R users are familiar with the pipe operator %>% which allows chaining operations together. That means that the output of an operation will be used as input in the next operation and so on.
This can be accomplished with the @chain macro. To use it, we start with @chain followed by the DataFrame and a begin statement.
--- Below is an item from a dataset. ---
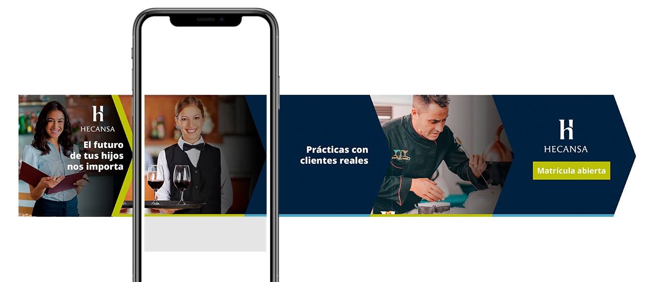 Campañas integrales de banners y remarketing en varias fases para generar preinscripciones al inicio de cada curso escolar. Campañas para target alumnos potenciales y campañas diferenciadas para padres.

Every operation inside the begin ... end statement will be used as input for the next operation, therefore chaining operations together.
Here is a simple example with a groupby followed by a @combine:
@chain leftjoined begin
groupby(:name)
@combine :mean_grade_2020 = mean(:grade_2020)
end
| name | mean_grade_2020 |
|---|---|
| Sally | 1.0 |
| Hank | 4.0 |
| Bob | 5.0 |
| Alice | 8.5 |
NOTE:
@chainwill replace the first positional argument while chaining operations. This is not a problem inDataFrames.jlandDataFramesMeta.jl, since theDataFrameis always the first positional argument.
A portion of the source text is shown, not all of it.